The objective of this paper is twofold. First, it develops a prediction system to help the credit card issuer model the credit card delinquency risk. Second, it seeks to explore the potential of deep learning (also called a deep neural network), an emerging artificial intelligence technology, in the credit risk domain. With real‐life credit card data linked to 711,397 credit card holders from a large bank in Brazil, this study develops a deep neural network to evaluate the risk of credit card delinquency based on the client's personal characteristics and the spending behaviours. Compared with machine‐learning algorithms of logistic regression, naive Bayes, traditional artificial neural networks, and decision trees, deep neural networks have a better overall predictive performance with the highest F scores and area under the receiver operating characteristic curve.

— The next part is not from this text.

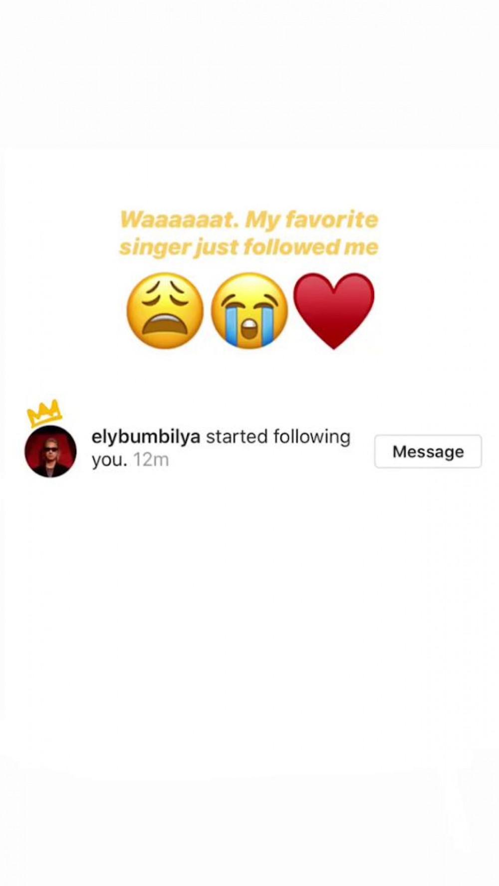 "Waaaaaaat," sulat ni Jillian. "My favorite singer just followed me."

The successful application of deep learning implies that artificial intelligence has great potential to support and automate credit risk assessment for financial institutions and credit bureaus.

Suggested Citation

  • Ting Sun & Miklos A. Vasarhelyi, 2018. "Predicting credit card delinquencies: An application of deep neural networks," Intelligent Systems in Accounting, Finance and Management, John Wiley & Sons, Ltd., vol. 25(4), pages 174-189, October.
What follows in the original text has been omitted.